Having gained status as a watchdog and loyal companion of ideal size, the German Pinscher is a popular pet. This medium-sized dog has a muscular, square build and is generally fawn or black and blue in color. Its lightness makes it very agile, though it derives its strength from its solid body type. The dog’s sensitive senses allow it to hunt throughout the day. Once it finds a rodent, it can easily catch and kill it. When it is suspicious about a stranger, it will bark until the person withdraws.
Personality and Temperament
The German Pinscher is affectionate, playful, and good with children. However, it is suspicious of strangers and may not be suitable for homes with small pets, particularly rodents.
The tenacious, courageous, and lively German Pinscher looks after its master’s property, regardless if it has been trained to do so. Its tendency to bark is not meant as a nusiance, but a warning to housemates of oncoming intruders. And although it is a quick learner, it will only obey under its own volition.
The grooming requirements for the German Pinscher is fairly simple: the occasional brushing and wash. German Pinschers love to be involved in family activities and hate to be left in the kennel or alone. They are very dedicated to their family, their devotion going to the extent of supervising housework, providing entertainment in the evenings, guiding gardening, and sharing their master’s bed.
As the dog is full of energy it should be given good mental and physical exercises or it can get bored and frustrated.
The German Pinscher, which has an average lifespan of 12 to 15 years, is not troubled with any major or minor health problems. However, hip and eye tests are suggested for this breed of dog.
History and Background
The German Pinscher, one of the reputed Pinscher breeds, originated from two older breeds: the German Bibarhund (from the 1200s) and the Tanner (from the 1300s). These strains were crossed with Black and Tan Terriers in the 1600s to produce the Rattenfanger, a good watchdog and versatile working ratter. This dog then became the Pinscher, remaining a hard-working breed for many centuries and held in high regard for its ability to catch rodents.

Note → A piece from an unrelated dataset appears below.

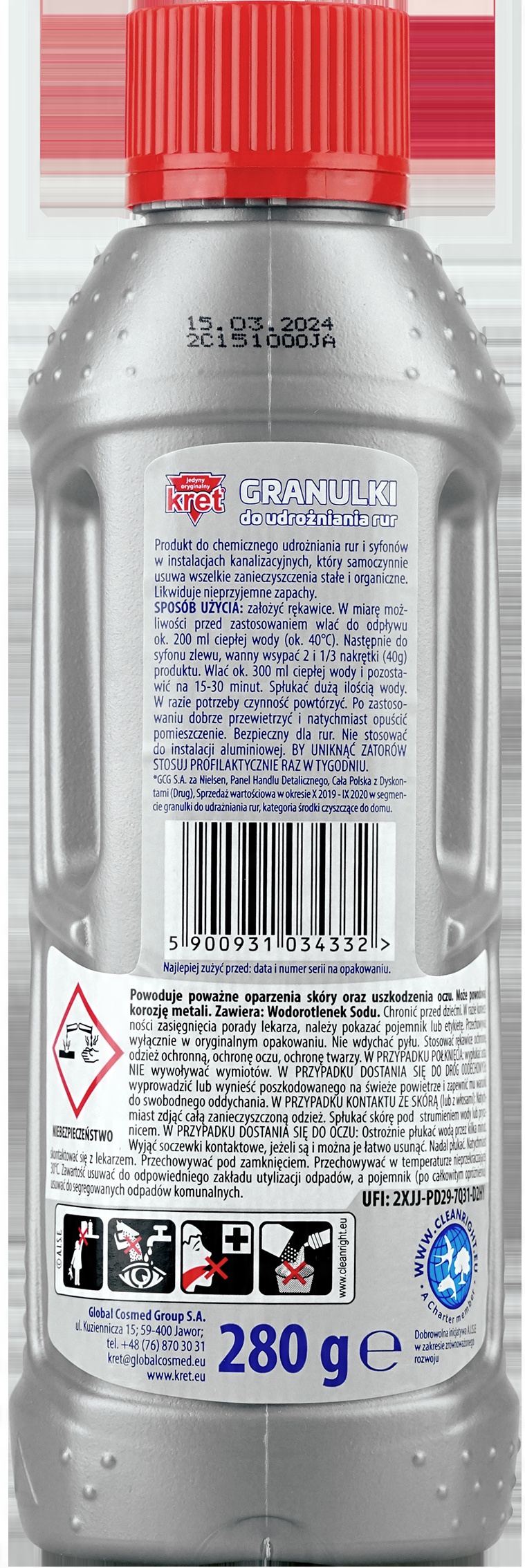 Kret silne granulki do UDRAŻNIANIA rur Syfonów 560g 14 dozowań udrażniacz
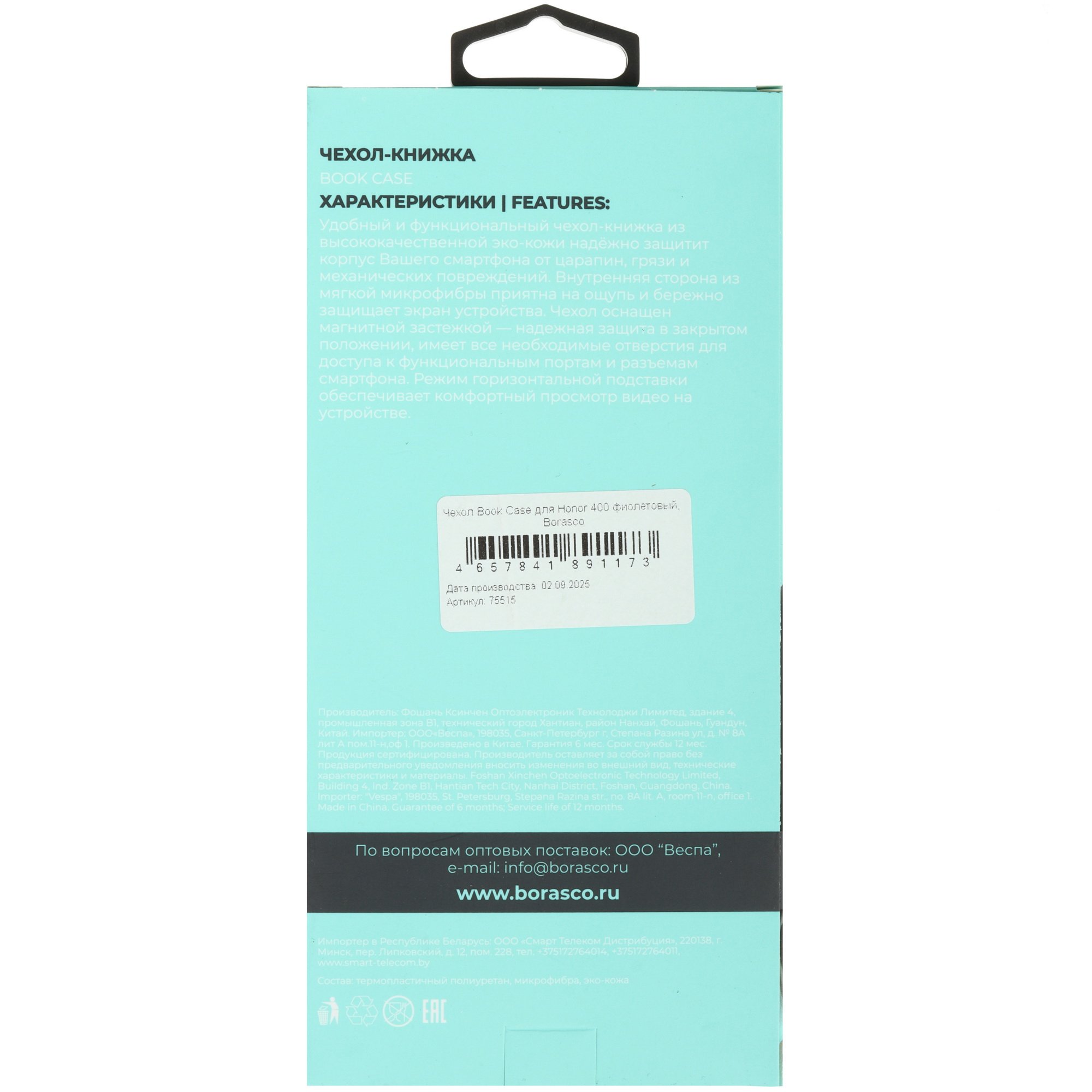 Чехол-книжка BoraSCO для HONOR 400 обеспечивает полноценную защиту дисплея, корпуса и боковых граней смартфона от повреждений и загрязнений. Прочный внутренний каркас из термополиуретана обладает амортизационными свойствами и способен сохранять целостность устройства при падениях. Внутреннее мягкое покрытие препятствует появлению царапин.

The late 1800s saw the advent of dog shows and the growing popularity of the Pinscher. In 1884, the breed standard for the Pinscher was chosen for the first time. The breed did gain popularity from dog lovers initially, causing their numbers to quickly diminish. The World Wars also hindered efforts to register, count, and exhibit Pinschers.
By the end of World War II the breed was nearly extinct, not a single Pinscher litter registered in West Germany between 1949 and 1958.
In order to survive, the Pinscher had to depend on the Miniature Pinscher, its descendent. In 1958, the Pinscher-Schnauzer Klub of West Germany chose and registered four oversized Miniature Pinschers. Three separate "MinPin" males were bred with a Pinscher female that was secretly smuggled from a place in East Germany, where Pinschers could still be found. Nearly all present-day German Pinschers are descended from these dogs.
In the late 1970s, German Pinschers were introduced to United States. The American Kennel Club first placed the breed in the Miscellaneous class in 2001; two years later the German Pinscher was placed in the Working Group.